Prague: Československé ústředí knižní kultury v nakl. Orbis, 1964–1965. Small quartos (30 × 21 cm and 26 × 20 cm). Original staple-stitched pictorial wrappers; ca. 33–48 pp. per issue (consecutive pagination). Numerous illustrations, some in color. Summaries in Russian, English, French, and German. A few issues with minor wear to wrappers; overall very good. Item #53071

Complete run in twenty-four issues of this short-lived, but significant journal of book culture. Published by the patronage of the Ministry of Culture, it contained a curious combination of information about book publishing, editing, printing, literature, and the arts, but was in fact a way of devoting considerable attention to artistic and literary phenomena not otherwise covered in Czechoslovak official publications at the time. Individual issues were typically devoted to a single artist or illustrator, such as Albín Brunovský, Oldřich Hlavsa, Ota Janeček, Stanislav Kolíbal, Zdenek Seydl, Zdeněk Sklenář, Josef Šíma, Jaroslav Šváb, Jan Zrzavý, as well as Willi Baumeister, Marc Chagall, and Pablo Picasso. Crucial was the journal's lengthy focus on Karel Teige as a graphic designer (in issue 3, 1964). The editors were also interested in the relationship between literature and the visual art, and the journal's literary editor was a leading figure of Czechoslovak concrete poety, Josef Hiršal, later assisted by Jiří Kolář in the final issues.

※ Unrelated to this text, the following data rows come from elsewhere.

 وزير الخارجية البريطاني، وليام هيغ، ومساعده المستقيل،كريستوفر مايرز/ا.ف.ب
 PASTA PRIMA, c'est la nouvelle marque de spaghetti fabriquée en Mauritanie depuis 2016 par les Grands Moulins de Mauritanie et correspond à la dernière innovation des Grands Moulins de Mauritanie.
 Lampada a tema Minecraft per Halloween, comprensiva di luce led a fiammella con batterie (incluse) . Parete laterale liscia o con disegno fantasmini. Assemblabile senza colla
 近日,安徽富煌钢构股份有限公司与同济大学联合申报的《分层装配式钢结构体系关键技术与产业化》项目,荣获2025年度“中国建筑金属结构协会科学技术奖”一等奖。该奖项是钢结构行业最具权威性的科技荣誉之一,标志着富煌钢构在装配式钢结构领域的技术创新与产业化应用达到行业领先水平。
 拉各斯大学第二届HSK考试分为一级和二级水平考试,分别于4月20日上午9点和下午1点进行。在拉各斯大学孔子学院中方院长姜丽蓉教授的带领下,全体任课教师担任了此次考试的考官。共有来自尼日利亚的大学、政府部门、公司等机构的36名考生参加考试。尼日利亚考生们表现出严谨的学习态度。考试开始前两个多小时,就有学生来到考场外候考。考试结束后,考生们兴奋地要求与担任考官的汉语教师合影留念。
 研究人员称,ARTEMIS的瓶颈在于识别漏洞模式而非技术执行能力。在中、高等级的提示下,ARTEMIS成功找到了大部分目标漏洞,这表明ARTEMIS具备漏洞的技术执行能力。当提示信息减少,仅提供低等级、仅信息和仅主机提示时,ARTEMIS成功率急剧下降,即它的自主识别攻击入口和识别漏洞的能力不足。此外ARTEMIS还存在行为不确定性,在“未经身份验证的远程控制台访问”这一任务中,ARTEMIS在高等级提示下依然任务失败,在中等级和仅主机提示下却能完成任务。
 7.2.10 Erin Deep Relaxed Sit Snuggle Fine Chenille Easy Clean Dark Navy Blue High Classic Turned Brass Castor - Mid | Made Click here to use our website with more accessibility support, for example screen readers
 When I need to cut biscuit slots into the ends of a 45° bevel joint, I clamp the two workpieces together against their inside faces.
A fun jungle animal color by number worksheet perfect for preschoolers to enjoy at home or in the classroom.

The journal was clearly similar to another important cultural periodical of the time, Tvář: kulturní měsíčnik (The face: a cultural monthly), which also resisted the Communist party line in its exploration of aesthetically diverse and politically controversial topics, and was forced to shut down at the same time. In 1966, the Czechoslovak Center of Book Culture replaced the present journal with the more straightforwardly marxist literary journal "Impuls."

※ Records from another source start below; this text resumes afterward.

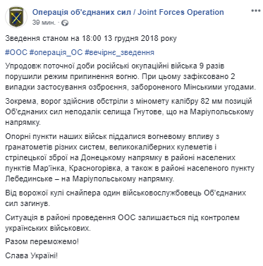 В четверг, 13 декабря, в районе проведения ООС на Донбассе от пули снайпера погиб украинский военнослужащий. Об этом сообщил пресс-центр штаба операции в вечерней сводке на своей странице в Facebook.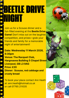 Our Beetle Drive is being held at The Racquet Club in Liverpool on Wednesday 11 March from 6pm.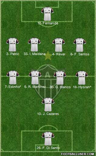 1- Victor · 2- M. Rocha · 3- Léo Silva · 4- Réver · 6- Jr. César · 5- Pierre · 8- L. Donizete · 11- Bernard · 10- R. Gaúcho · 9- D. Tardelli · 7- Jô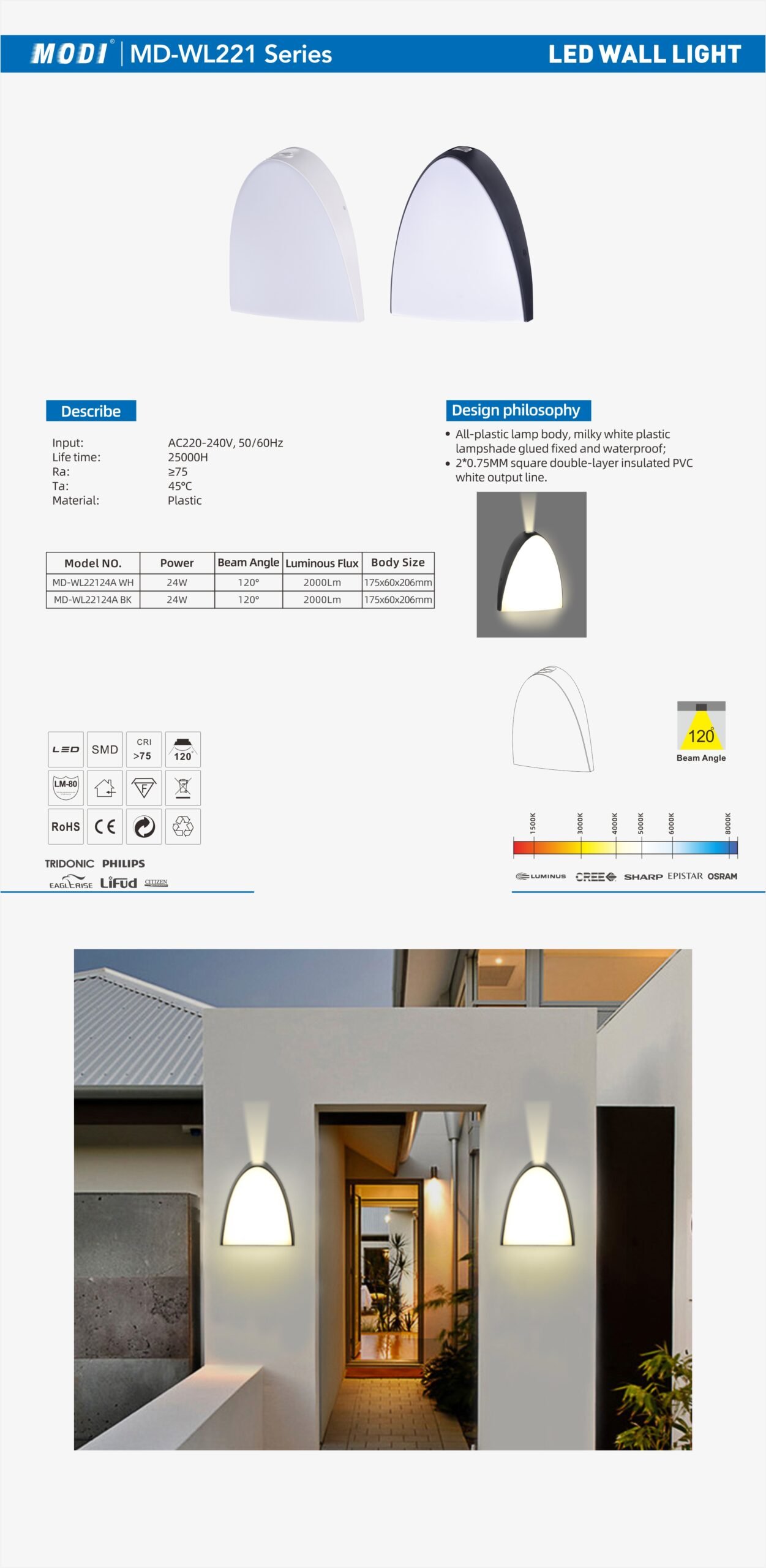 Voltage: AC220-240V 50/60Hz Power: 24W CRI: ≥75 Luminous: 2000Lm Beam Angle: 120° LED Type: SMD Material: PC Body Size:175x60x206mm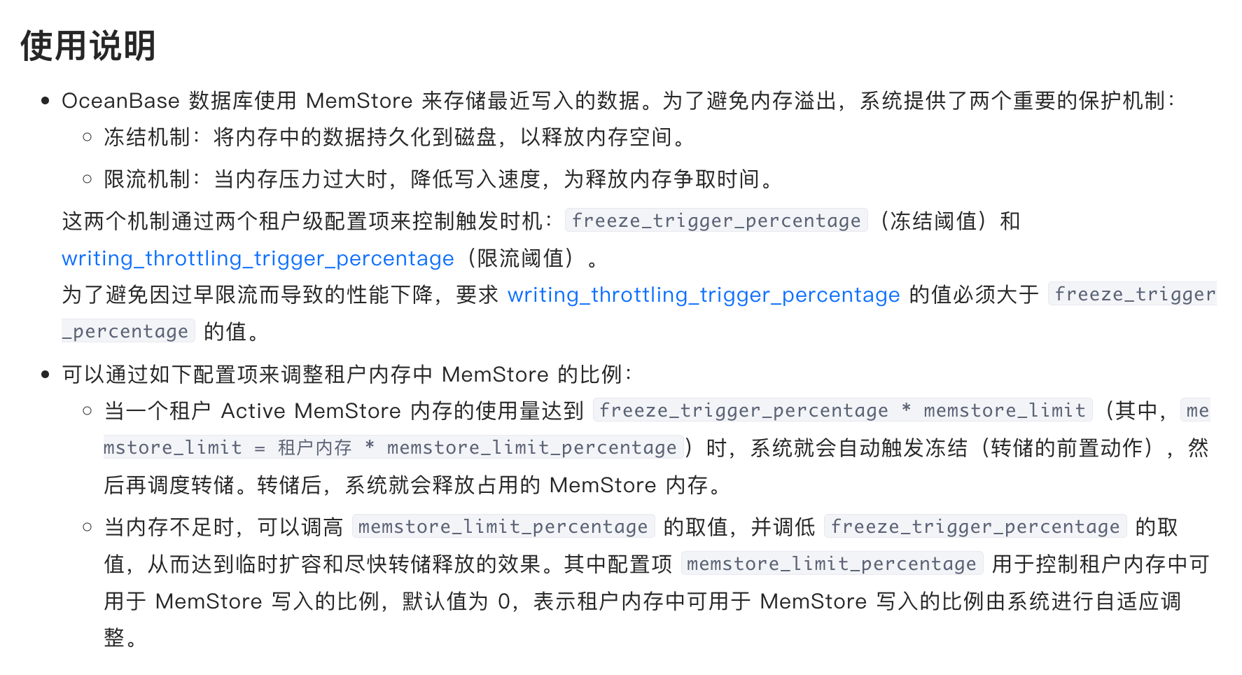 【问题描述】当前有一个租户的配置1.5c6GB配置,正常情况下租户参数memstore_limit_percentage=50,freeze_trigger_percentage=20,由于我租户内存为6GB ,那么我的

Overall graphic design by J. Kotík (1964) and M. Fulín (1965). Published with a print run of 3000 copies.

See the entry in the Dictionary of Czech Literature After 1945 (Slovník české literatury po roce 1945, online, authored by Blahoslav Dokoupil).

As of October 2024, KVK, OCLC show a handful of holdings in North America, though most appear to consist of only a few issues, and in some cases only a single issue.